American professional lacrosse player

Jules Nehemiah Heningburg (born May 3, 1996) is an American professional lacrosse player on the Boston Cannons of the Premier Lacrosse League. As a member of the Redwoods, he was a 4x All-Star. He played college lacrosse at Rutgers University where he was a two-time All-Big Ten selection and All-American (2018 Second Team, 2017 Honorable Mention). Heningburg was selected 7th overall in the first round of the 2018 Major League Lacrosse Draft by the Florida Launch.
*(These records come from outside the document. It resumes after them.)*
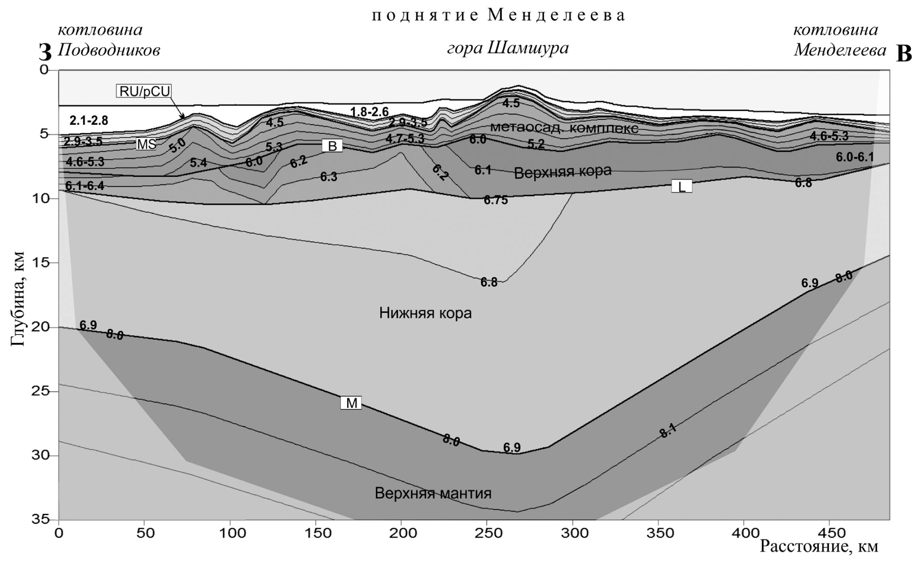 На модели прослежены (рис. 7) два осадочных комплекса, разделенных региональным несогласием (RU+pCU). Они характеризуются скоростями от 1.8–2.6 км/с до 2.1–2.8 км/с (верхний) и 2.9–3.5 км/с (нижний). Суммарная мощность комплексов достигает максимума в ~3.5 км в котловине Подводников, в осевой части поднятия Менделеева (гора Шамшура) она уменьшается до ~0.5 км. Метаосадочный комплекс характеризуется значениями скорости 4.5–5.3 км/с. Мощность комплекса варьирует в широком диапазоне от 1 до 4 км, достигая максимальных значений под горой Шамшура. В верхней коре скорость варьирует от 6.0–6.1 км/с до 6.3–6.4 км/с. Мощность верхней коры на поднятии Менделеева составляет 4–5 км, под котловиной Подводников она уменьшается до ~1.5 км, под котловиной Менделеева — до ~2 км. Скоростные параметры нижней коры изменяются в пределах 6.7–6.9 км/с. Мощность нижней коры составляет ~20 км под осевой частью поднятия Менделеева, уменьшается до ~10 км в котловине Подводников и до ~7 км в котловине Менделеева. Мощность кристаллической коры на поднятии Менделеева достигает 24 км, уменьшаясь до 10–12 км в прилегающих бассейнах.
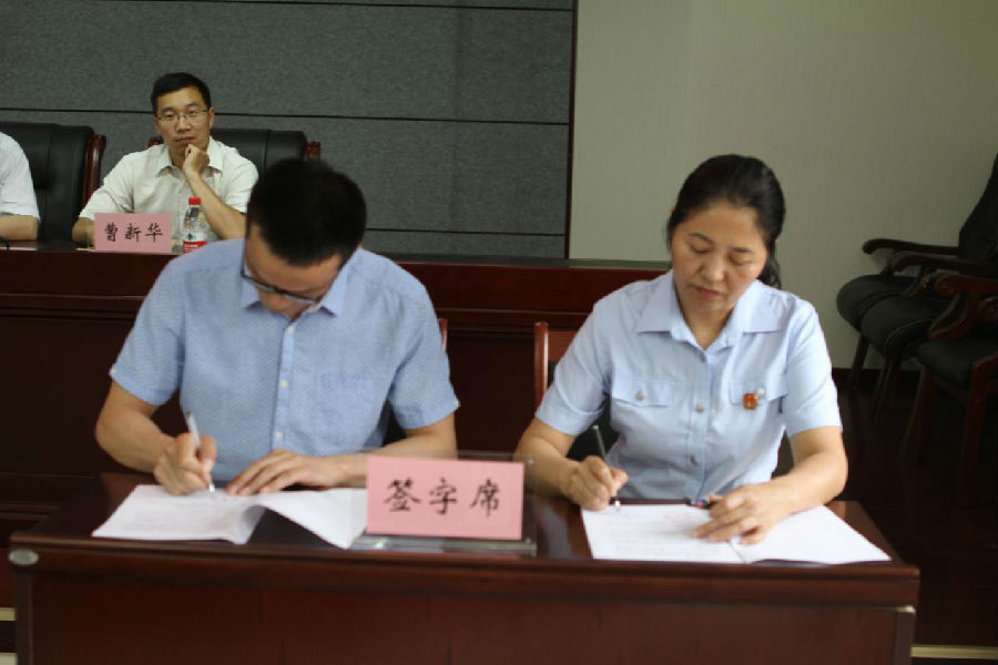 图为吴泽勇院长与开封市龙亭区人民法院董风艳院长在合作协议上签字
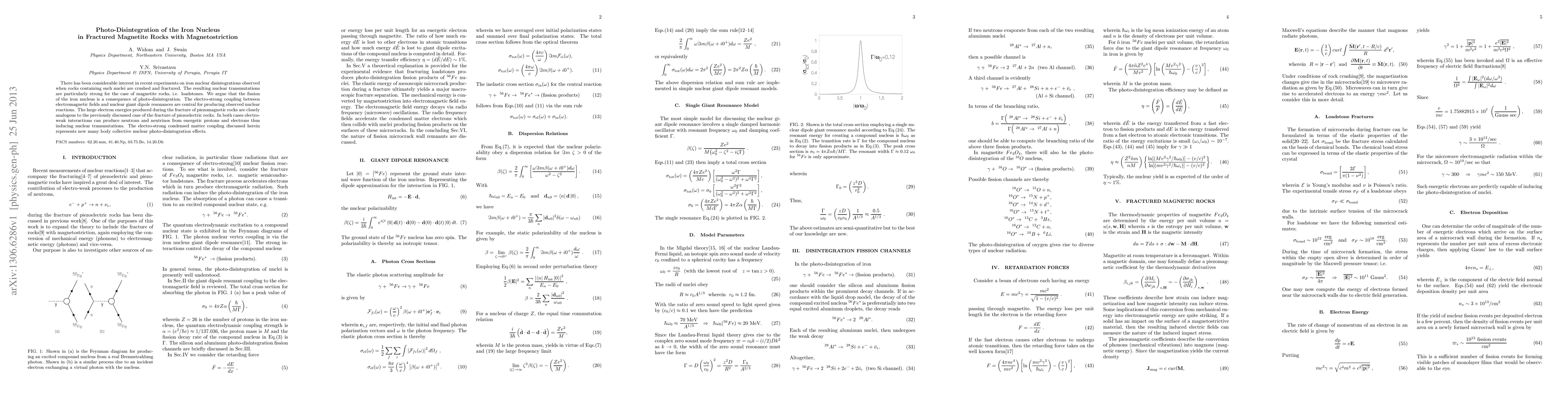 Researchers investigate how iron nuclei in magnetite rocks break apart when crushed, producing nuclear reactions through photo-disintegration. They suggest that electromagnetic fields play a key role in this process, similar to the fracture of piezoelectric rocks.
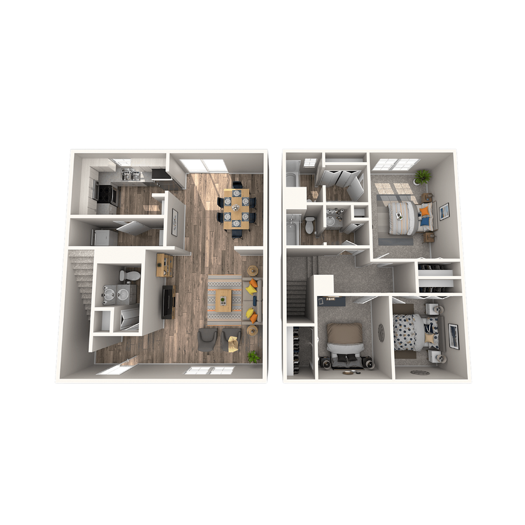 Our Premium Finish 3 Bedroom, 2.5 Bathroom Townhomes provide 1,510 square feet of beautifully designed living space with the most enhanced interior finishes in the community.
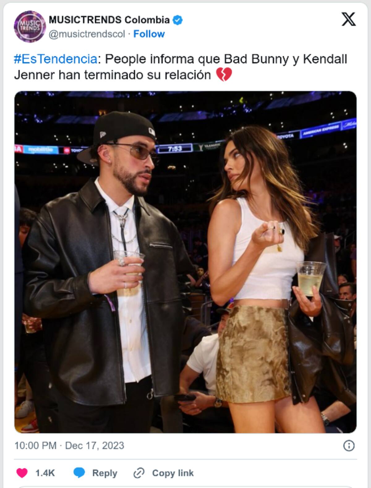 La última vez que ambos fueron vistos juntos fue el pasado mes de octubre durante la fiesta posterior al Saturday Night Live, donde Bad Bunny desempeñó el papel de coanfitrión e invitado musical. Desde entonces, la pareja no ha sido captada compartiendo momentos públicos.
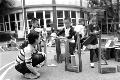 說完,3名幼兒分頭找來方形積木搭建,終于成功。
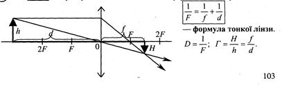 [D] = 1/м = 1 дптр. Оптична сила лінзи дорівнює одній діоптрії, якщо її фокусна відстань дорівнює одному метру. Головна цінність лінзи полягає в тому, що а її допомогою можна отримати зображення предметів, які можуть світитись самі чи світяться відбитим світлом. Формула тонкої лінзи:
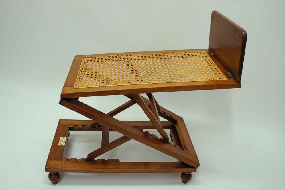 Edwardian Mahogany Adjustable Gout Stool with a Cane Seat - Farmer Lane & Co
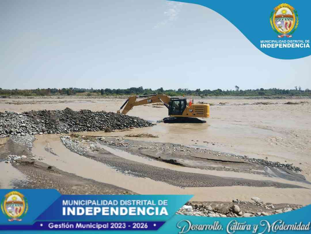 MAQUINARIAS DEL EJÉRCITO TRABAJAN EN EL DEFENSA RIBEREÑA EN EL RIO PISCO SECTOR DOS PALMAS

==Early life and college==
Heningburg grew up in Maplewood, New Jersey as the fifth of six children of a Black father, Gus Heningburg Jr., and a white mother, Maria Morrison Heningburg. His grandfather, Gus Sr., was a civil rights activist, while his grandmother, Jean, was the first Black teacher at Montclair High School. He played high school lacrosse for Columbia High School before transferring to Seton Hall Preparatory School. He chose to keep his lacrosse talent in New Jersey for college, heading to Rutgers University. In his four years with the Scarlet Knights, Heningburg started all 60 games he appeared in.

==Professional Field Lacrosse Career==
===2018: Florida Launch===
Heningburg was drafted 7th overall by the Florida Launch in the 2018 Major League Lacrosse Draft. He made 8 regular season appearances. With Jules joining approximately 140 other players leaving the MLL to sign with the PLL, the MLL was forced to contract the league footprint. As a result, the Launch franchise folded during the 2019 MLL offseason.

===2019: Whipsnakes Lacrosse Club===
Heningburg left the MLL for the PLL in the upstart league's first season. At the inception of the Premier Lacrosse League, Heningburg was assigned to the Whipsnakes roster. The inaugural 2019 season began on June 1, and Heningburg saw action in three games for the Whipsnakes before being traded to the Redwoods on June 17 in exchange for Alec Tulett and a fourth round draft pick in 2020.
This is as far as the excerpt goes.